── Dataset

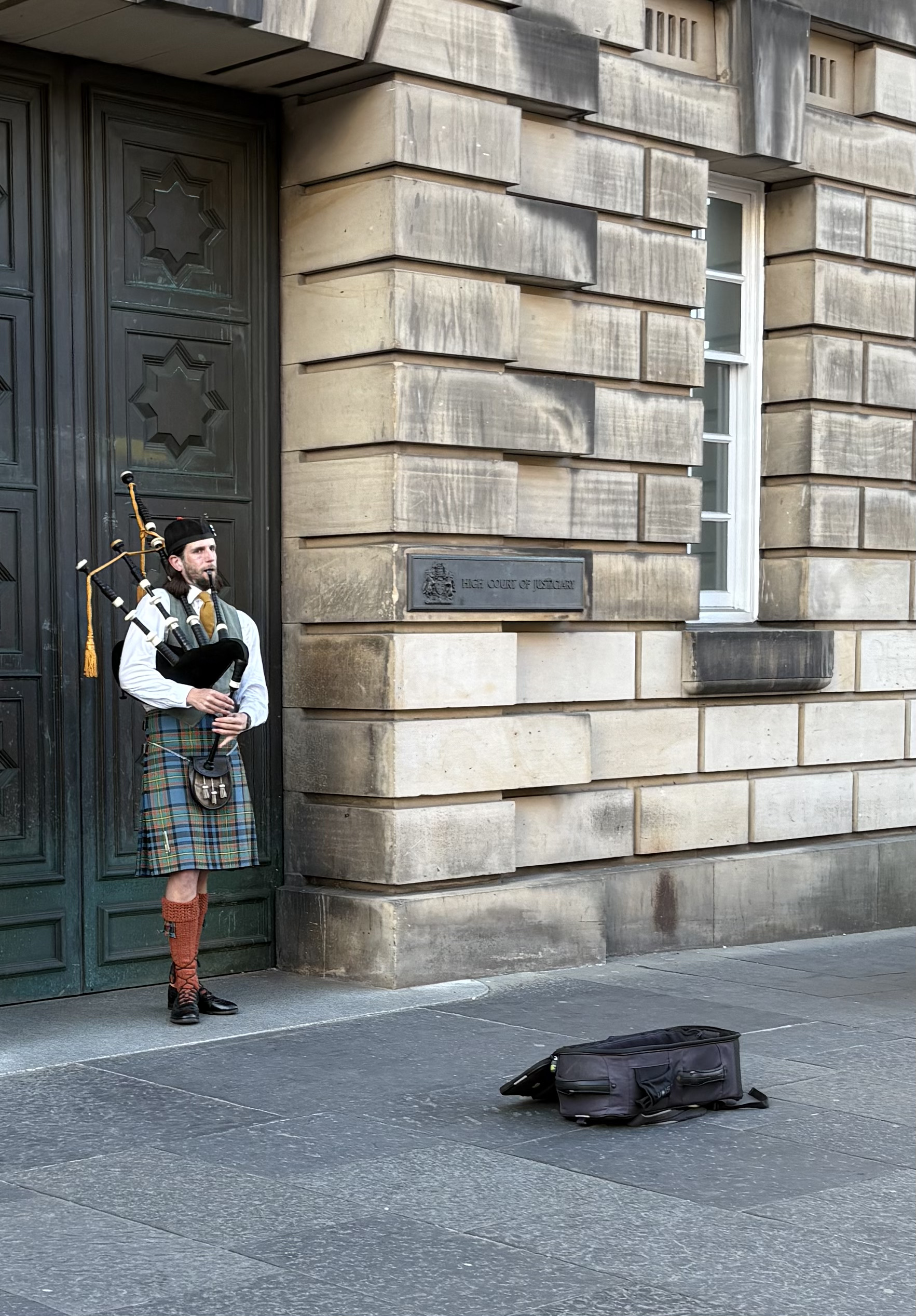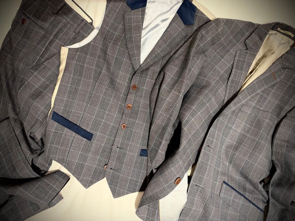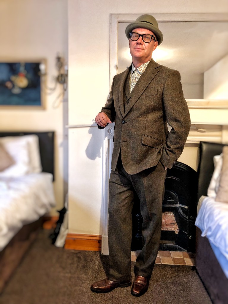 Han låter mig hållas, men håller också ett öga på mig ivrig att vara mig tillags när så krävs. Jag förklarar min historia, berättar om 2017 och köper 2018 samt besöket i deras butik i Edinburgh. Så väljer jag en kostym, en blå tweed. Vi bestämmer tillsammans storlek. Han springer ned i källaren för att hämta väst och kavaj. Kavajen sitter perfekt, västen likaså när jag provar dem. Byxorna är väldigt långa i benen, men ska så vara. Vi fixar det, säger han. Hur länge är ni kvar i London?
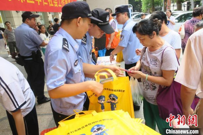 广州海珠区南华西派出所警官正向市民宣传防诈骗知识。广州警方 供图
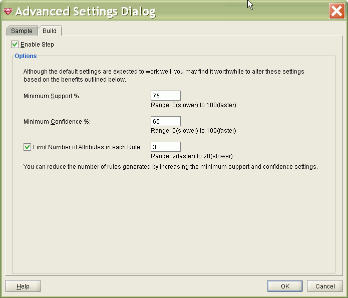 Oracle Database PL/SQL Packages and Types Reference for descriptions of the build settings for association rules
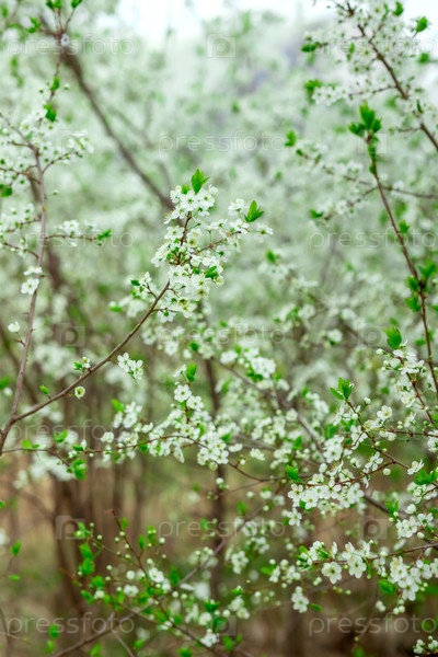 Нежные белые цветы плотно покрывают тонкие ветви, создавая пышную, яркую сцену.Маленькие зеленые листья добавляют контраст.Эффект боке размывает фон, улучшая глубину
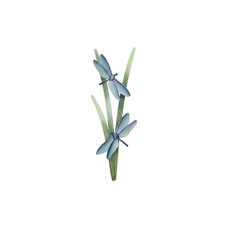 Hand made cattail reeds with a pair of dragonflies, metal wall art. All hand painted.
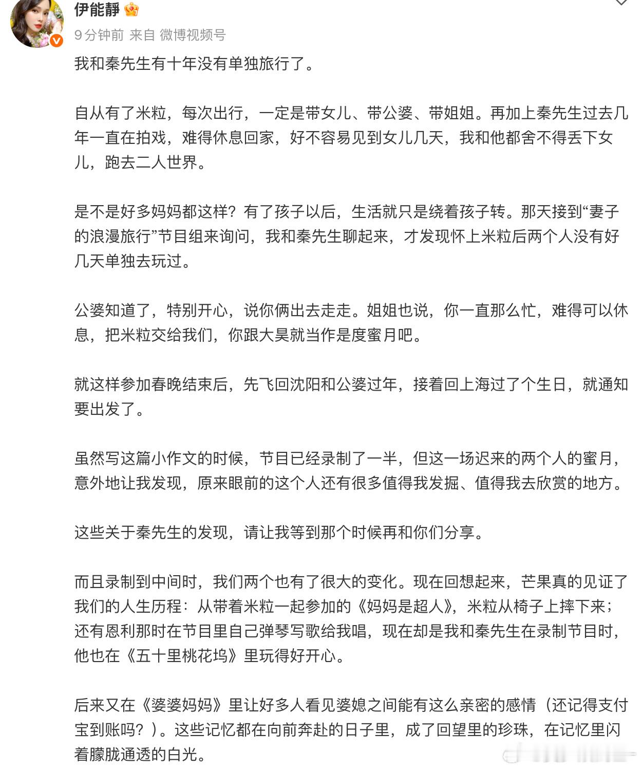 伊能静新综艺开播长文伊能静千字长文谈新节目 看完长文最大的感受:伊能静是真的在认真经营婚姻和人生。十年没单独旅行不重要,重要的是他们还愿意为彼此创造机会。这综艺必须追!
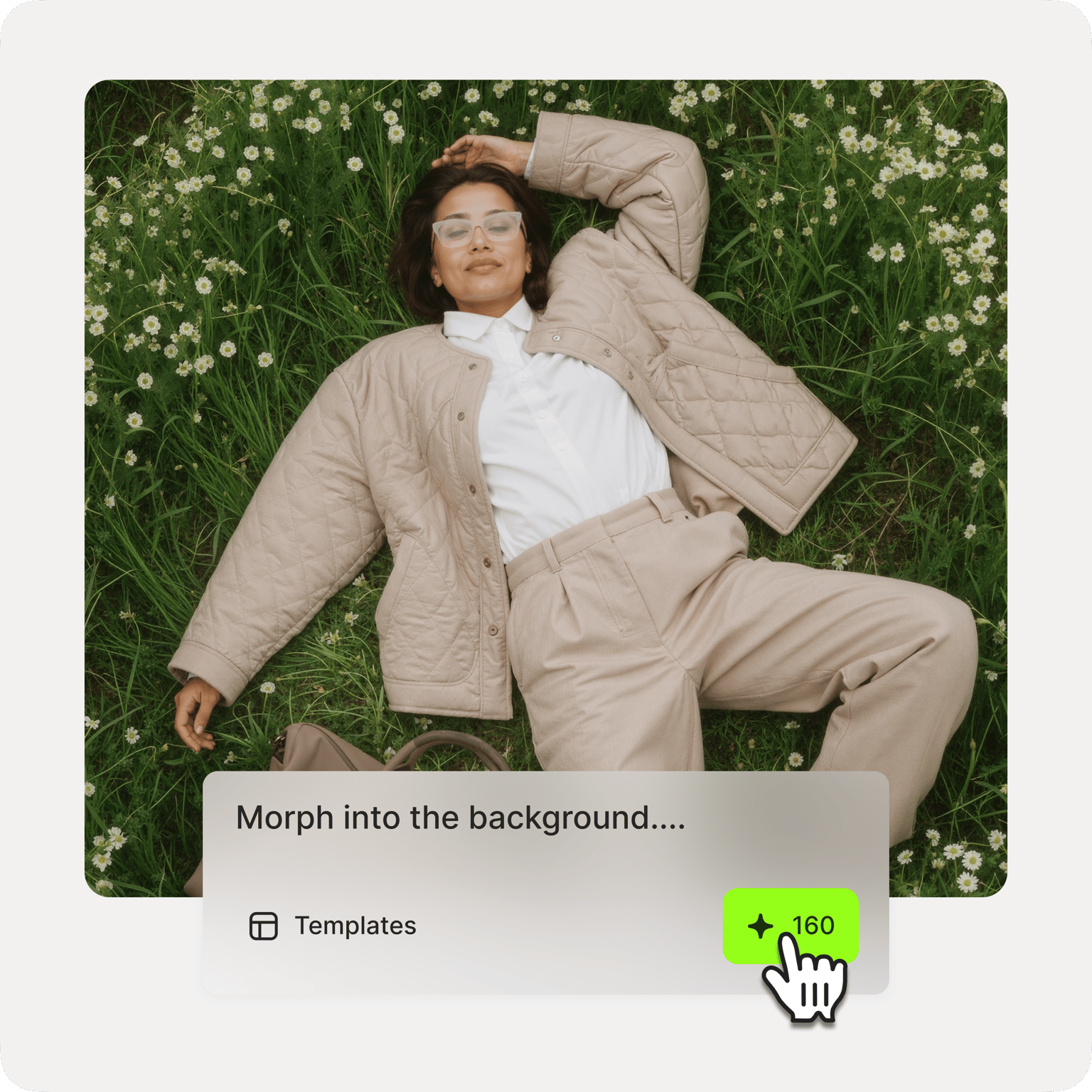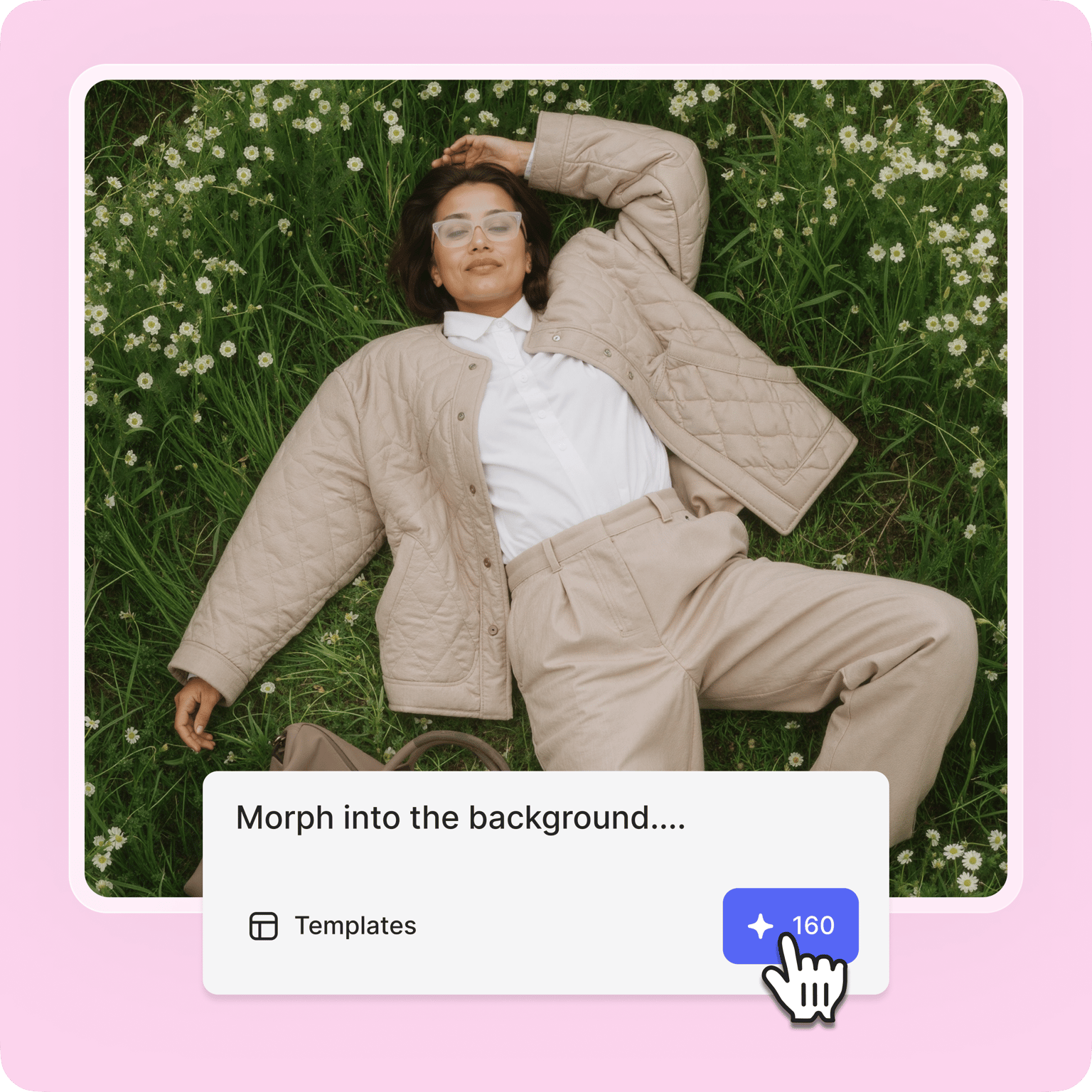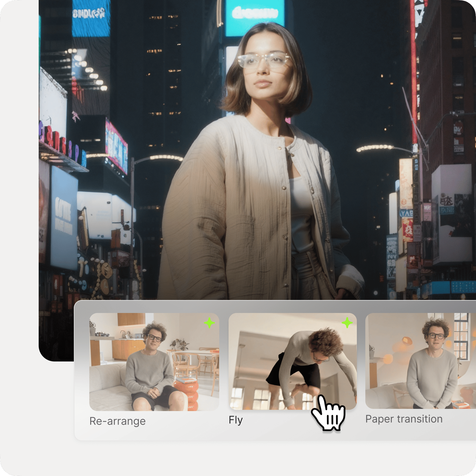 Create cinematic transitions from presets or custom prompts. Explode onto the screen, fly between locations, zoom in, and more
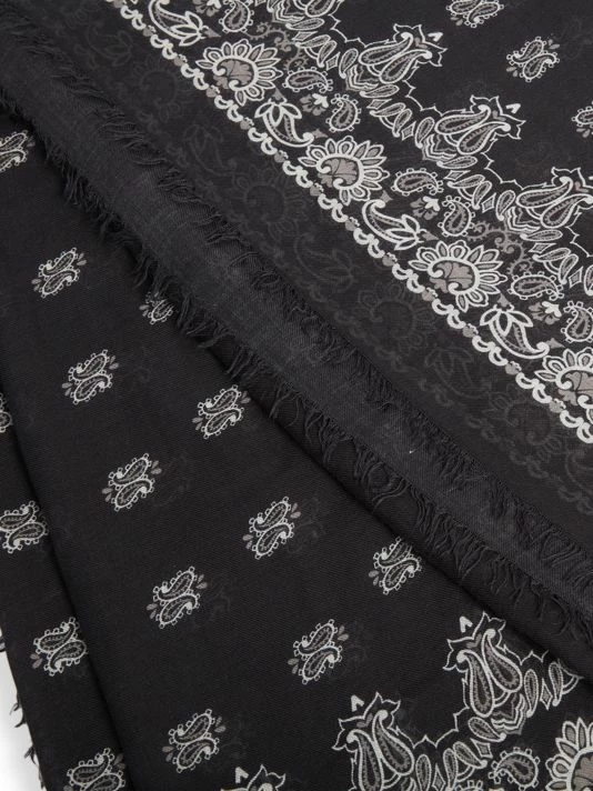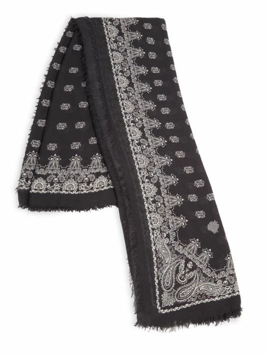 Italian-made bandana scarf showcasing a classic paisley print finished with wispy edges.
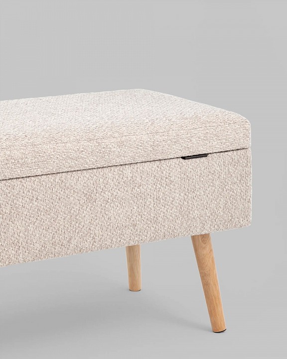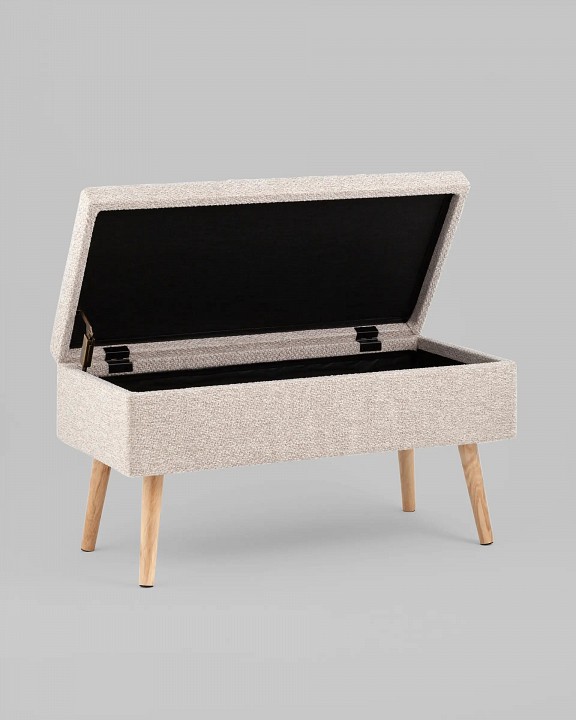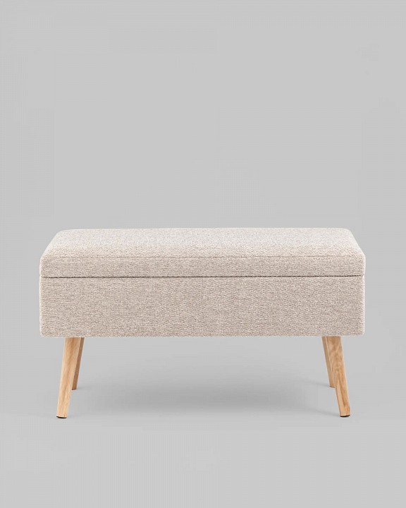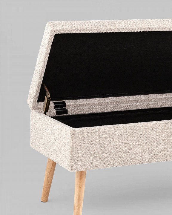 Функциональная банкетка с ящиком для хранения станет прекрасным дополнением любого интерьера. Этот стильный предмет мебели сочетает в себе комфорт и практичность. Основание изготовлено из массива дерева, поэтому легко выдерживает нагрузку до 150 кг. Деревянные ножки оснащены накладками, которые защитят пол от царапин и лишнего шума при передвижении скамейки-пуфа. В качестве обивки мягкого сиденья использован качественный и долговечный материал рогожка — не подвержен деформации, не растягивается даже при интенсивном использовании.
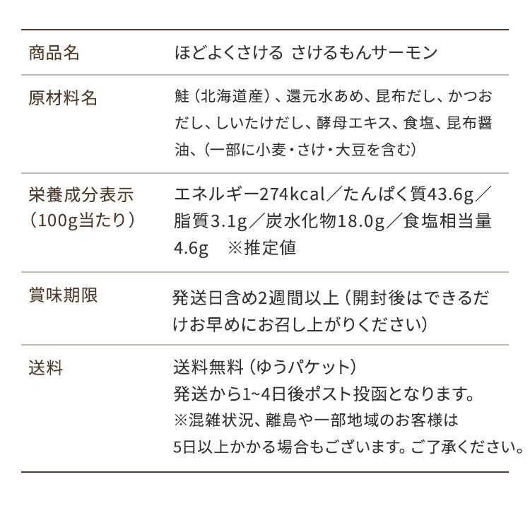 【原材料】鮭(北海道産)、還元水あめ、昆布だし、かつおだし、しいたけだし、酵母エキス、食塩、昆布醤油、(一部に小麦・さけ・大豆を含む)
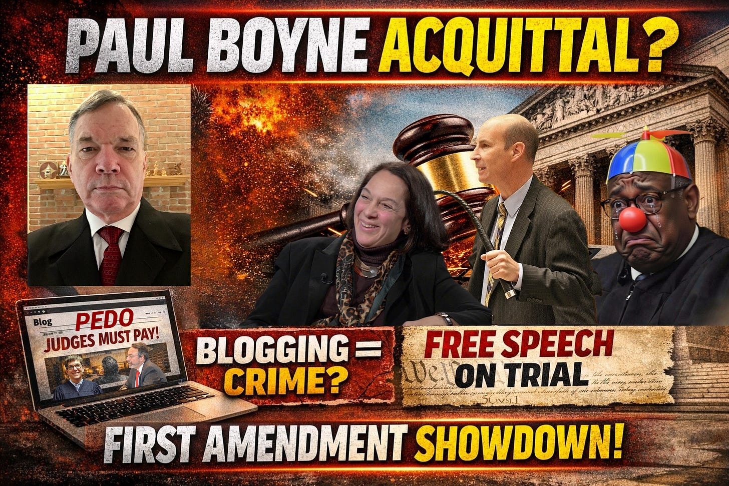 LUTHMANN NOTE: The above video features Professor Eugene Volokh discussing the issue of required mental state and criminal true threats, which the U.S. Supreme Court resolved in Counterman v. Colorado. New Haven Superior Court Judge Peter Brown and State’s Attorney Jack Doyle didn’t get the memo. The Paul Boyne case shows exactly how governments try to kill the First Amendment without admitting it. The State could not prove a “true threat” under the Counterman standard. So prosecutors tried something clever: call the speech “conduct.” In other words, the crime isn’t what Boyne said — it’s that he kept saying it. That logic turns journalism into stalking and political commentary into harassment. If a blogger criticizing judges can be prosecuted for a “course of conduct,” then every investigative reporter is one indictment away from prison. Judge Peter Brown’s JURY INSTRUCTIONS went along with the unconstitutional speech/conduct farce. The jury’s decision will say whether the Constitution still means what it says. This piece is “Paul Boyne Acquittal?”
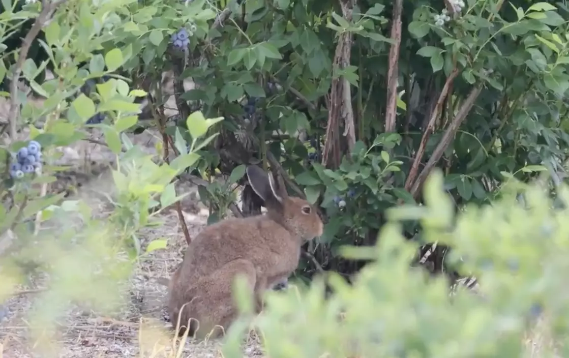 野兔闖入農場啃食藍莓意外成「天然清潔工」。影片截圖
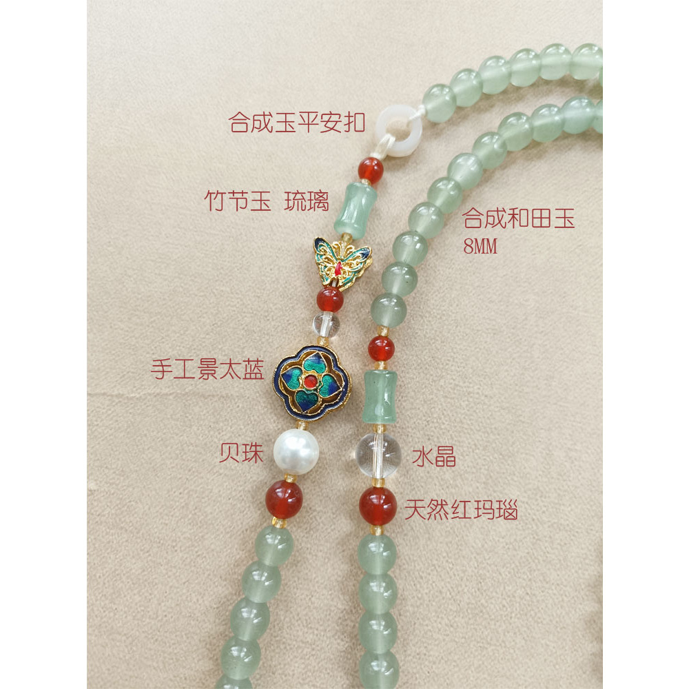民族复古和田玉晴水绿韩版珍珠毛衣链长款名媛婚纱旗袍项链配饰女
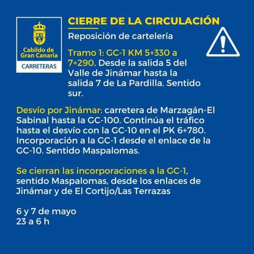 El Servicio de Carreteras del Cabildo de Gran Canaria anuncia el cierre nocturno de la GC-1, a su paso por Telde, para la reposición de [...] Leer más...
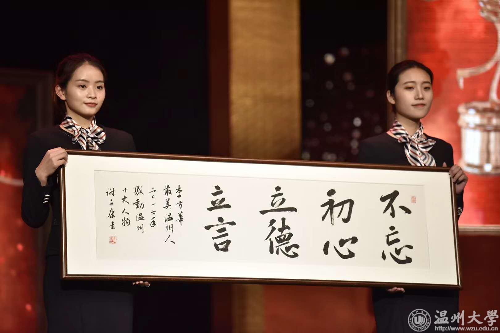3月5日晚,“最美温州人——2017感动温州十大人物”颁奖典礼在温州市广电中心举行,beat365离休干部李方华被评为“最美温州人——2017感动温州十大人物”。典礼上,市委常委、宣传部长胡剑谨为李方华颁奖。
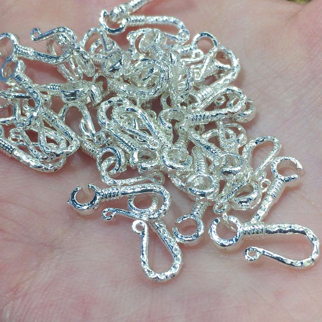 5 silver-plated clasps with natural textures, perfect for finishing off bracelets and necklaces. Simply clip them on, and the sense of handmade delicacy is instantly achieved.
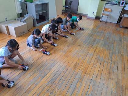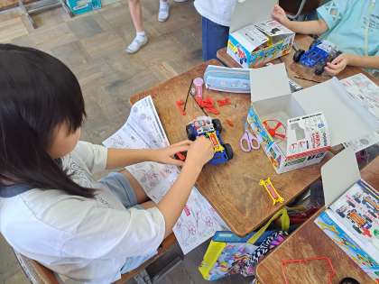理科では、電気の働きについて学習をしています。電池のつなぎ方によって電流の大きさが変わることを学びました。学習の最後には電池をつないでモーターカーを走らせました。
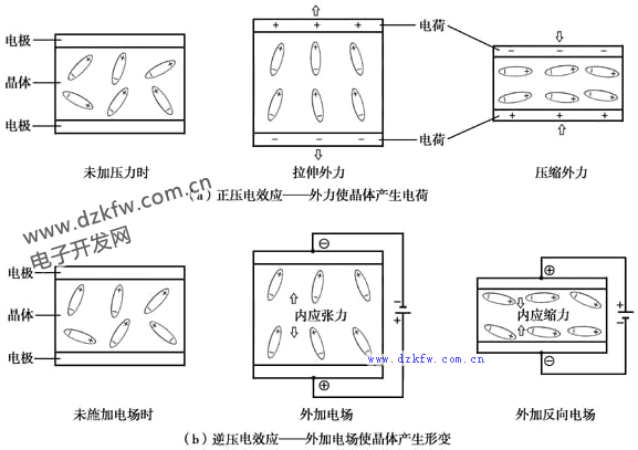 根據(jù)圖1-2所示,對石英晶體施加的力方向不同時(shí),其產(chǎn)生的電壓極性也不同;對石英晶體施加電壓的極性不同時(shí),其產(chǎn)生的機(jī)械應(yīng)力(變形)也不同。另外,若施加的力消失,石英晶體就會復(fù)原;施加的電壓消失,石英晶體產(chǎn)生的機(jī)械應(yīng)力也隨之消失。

────

Assignment ::
Give back exactly the lines above that run from the one with "野兔闖入農場啃食藍莓意外成「天然清潔工」。影片截圖" to the one with "5 silver-plated clasps", including both, with the pictures left out.

Result ::
 野兔闖入農場啃食藍莓意外成「天然清潔工」。影片截圖
民族复古和田玉晴水绿韩版珍珠毛衣链长款名媛婚纱旗袍项链配饰女
 El Servicio de Carreteras del Cabildo de Gran Canaria anuncia el cierre nocturno de la GC-1, a su paso por Telde, para la reposición de [...] Leer más...
3月5日晚,“最美温州人——2017感动温州十大人物”颁奖典礼在温州市广电中心举行,beat365离休干部李方华被评为“最美温州人——2017感动温州十大人物”。典礼上,市委常委、宣传部长胡剑谨为李方华颁奖。
 5 silver-plated clasps with natural textures, perfect for finishing off bracelets and necklaces. Simply clip them on, and the sense of handmade delicacy is instantly achieved.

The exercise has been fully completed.